Красные орлы (Из дневников 1918–1920 г.г.) — страница 43 из 53

Под Камышловом, у села Никольского, белые расстреляли Семена Евлампиевича Симонова.

Ну, подождите, гады, отольется вам каждая капля крови рабочих и крестьян!

11 августа. Деревня Борисова

Закончилась моя жизнь в Борисовой. А кажется, только-только приехал. Очень мало пришлось пробыть дома, посидеть со своими, поговорить с отцом.

Сегодня отбываю. Вчера целый день разговоры, встречи, собрания, в том числе одно партийное. Перед отъездом все надо успеть.

Здешняя партийная ячейка уже действует. Председателем снова избран отец. Общественных дел у него столько, что пришлось забросить фельдшерский пункт.

Зашевелился волостной исполком. В председатели его намечают Федора Степановича Лобанова. Сам он зырянский. Недавно вырвался из колчаковского застенка. Человек серьезный, положительный.

Вчера вечером ходил с товарищами хоронить одного красноармейца. Белые, когда отступали, пытались задержаться в нашей деревне. В бою этот красноармеец был ранен. Рана оказалась настолько тяжелой, что бойца нельзя было отправить в лазарет. Остался в деревне, крестьяне старались выходить его.
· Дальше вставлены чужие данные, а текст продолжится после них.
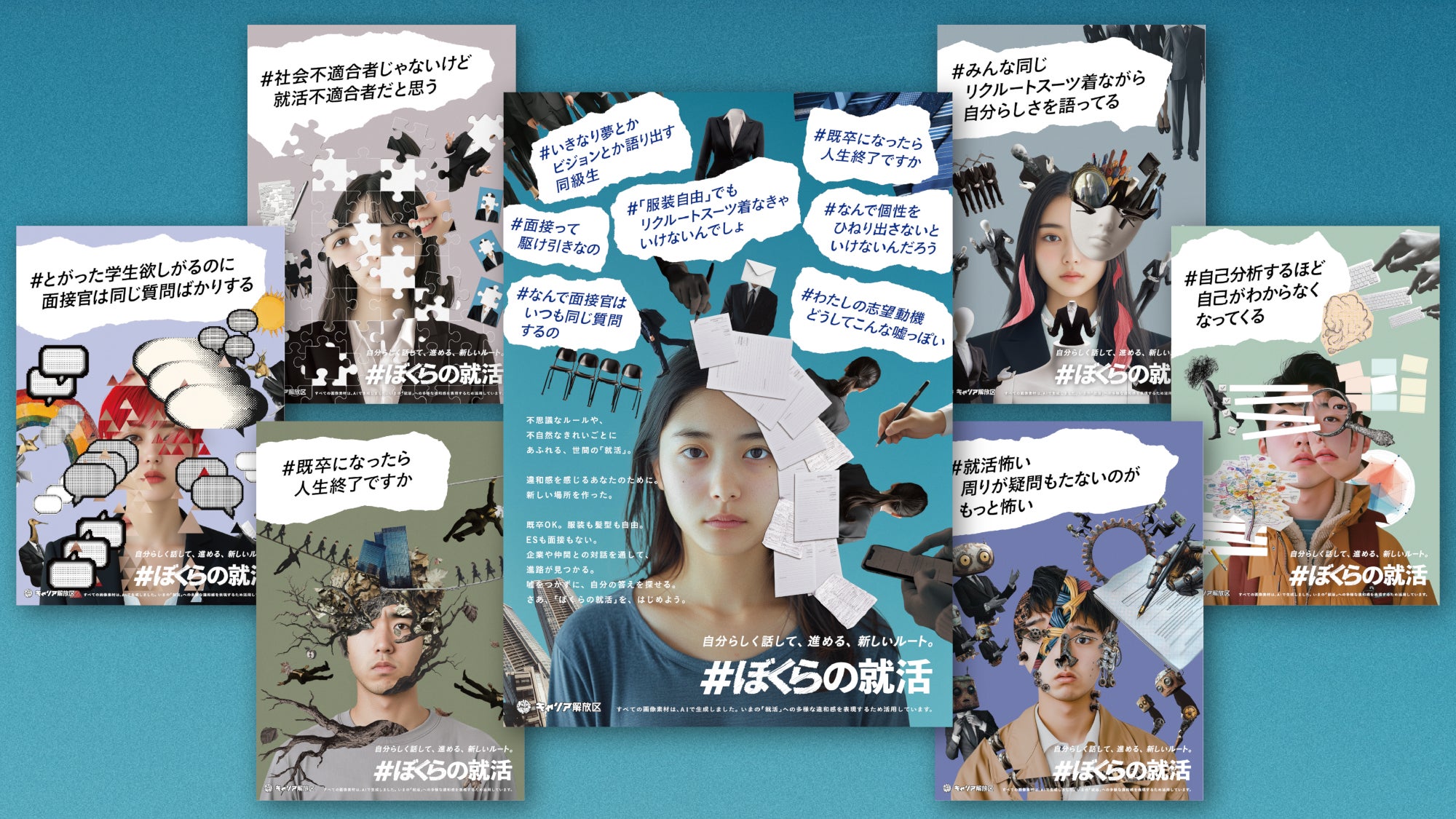 ポスターはすべてAI素材で制作されており、既存の就職活動の枠を超えた新しい視点を提供しています。
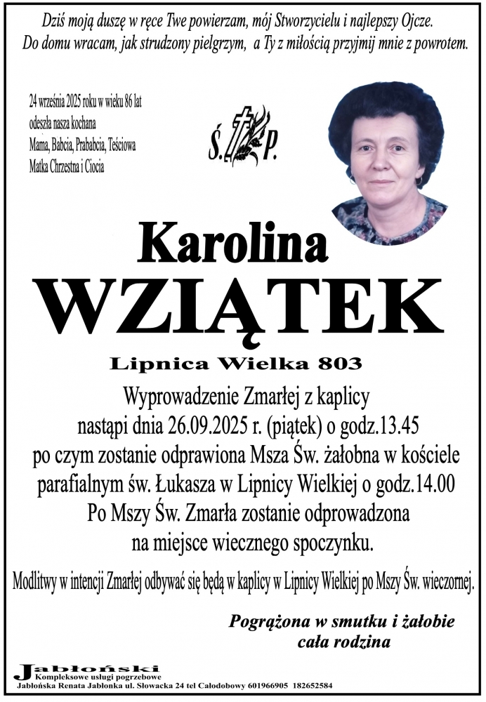 Karolina Wziątek - Nekrologi - podhale24.pl
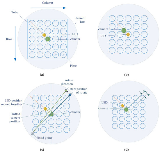 Figure 4 shows four experimental methods for the detection of stable fluorescence. To achieve the effect of a Fresnel lens, the camera and LED were located in the center of the lens at the effective focal length of the lens. In order to obtain the maximum SNR, an experiment was conducted according to the position of the camera and LED. In the four figures in Figure 4, the large circles show the Fresnel lens, and the 5 × 5 blue circles inside the square plate represent the tubes containing the reagents. The orange dot represents the camera and LED corresponding to the center of the tube and lens located at (3.3) on the plate. The orange line shows the orientation of the camera and lens from the center. Figure 4a,b show the experimental methods used to investigate the change in fluorescence brightness according to the arrangement of the camera and LED. Figure 4a shows how the camera was positioned in the center of the Fresnel lens and position the LEDs towards the second quadrant. Figure 4b shows how to position the LED in the center of the Fresnel lens and position the camera towards the second quadrant. Figure 4c,d show the experimental method used to obtain the change in brightness according to the position movement after positioning the camera and LED. In both experiments, the camera board and the filter wheel board were fixed. Figure 4c shows the method of arbitrary rotation from 1 mm to 6 mm in 1 mm increments to detect the change in fluorescence. The support located in the third quadrant (gray dot) was fixed, and the support in the first quadrant (blue dot) was rotated in the direction of the second quadrant. The supports were spaced and collinear with the center of the tube at each corner. After using the method in Figure 4c, the camera and LED were positioned in the same radial direction from the center of the Fresnel lens to reduce light reflection. Figure 4d shows how an ideal fluorescence value can be obtained depending on how far away it is in the 45-degree direction from the center of the Fresnel lens.
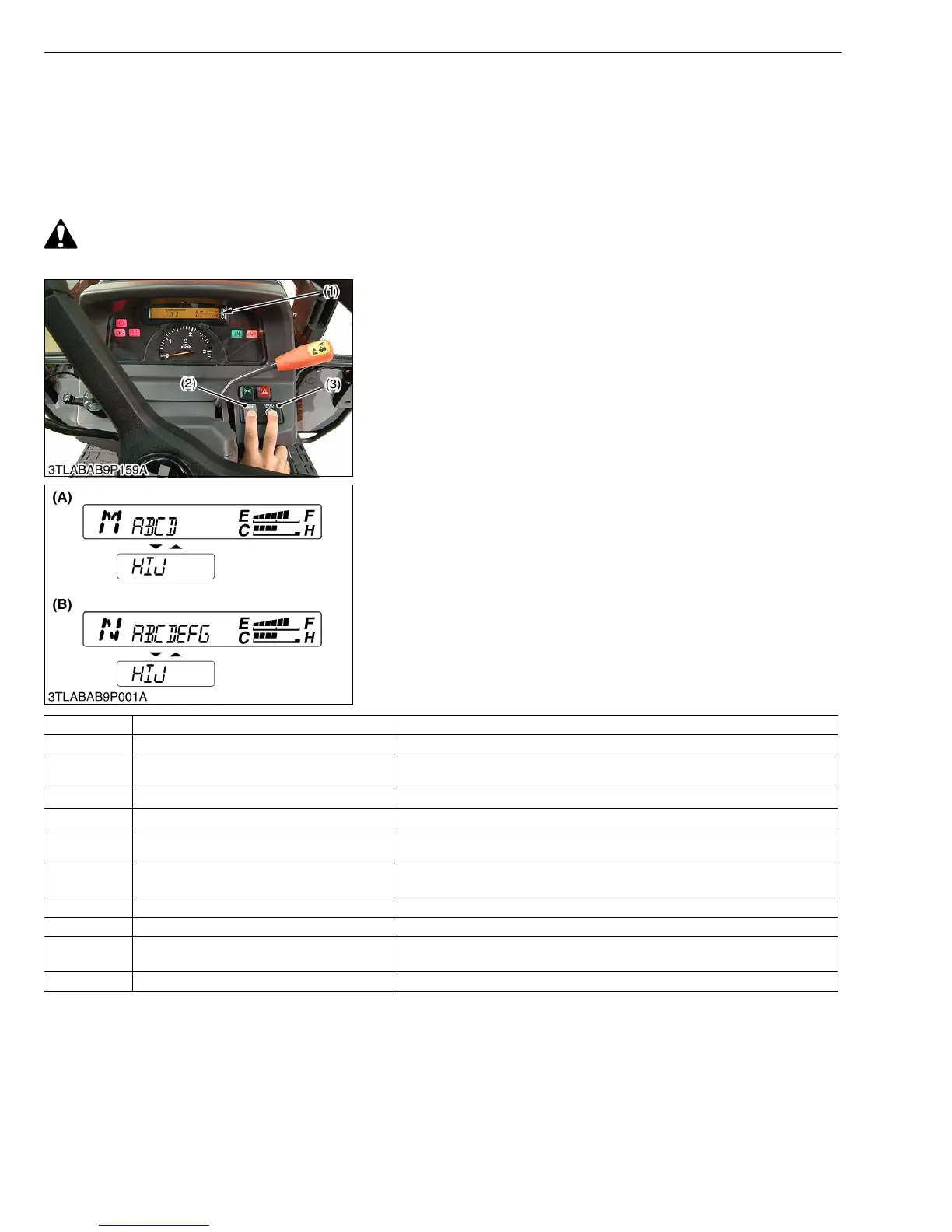 3. Press the display mode switch (2) and the flashing part moves.

Но все тщетно. Красноармеец умер.

Часа через два — в дорогу. Вначале — в Камышлов, оттуда — в политотдел.

Не хочется так скоро уезжать. Утешение одно: время здесь не прошло зря. Не только повидал своих, но и успел поработать. А от одного дня работы в деревне больше толку, чем от месячного секретарства в политотделе.

Жаль, что не мог побывать в деревнях Даньковой и Марай. Там тоже многих арестовали и мучили беляки. Забрали коммуниста Германа Кирпищикова и его сыновей Якова и Анисима. Якова расстреляли у села Никольского.

12 августа. Камышлов

Распрощался с отцом, матерью, бабушкой, братишками, друзьями-приятелями и вот снова в Камышлове у Прасковьи Ионовны.

Когда уезжал, у дома собралась толпа. Мама плачет. Убивается бабушка Анна. Отец насупился, молчит. Я тоже с трудом крепился: когда-то теперь их увижу?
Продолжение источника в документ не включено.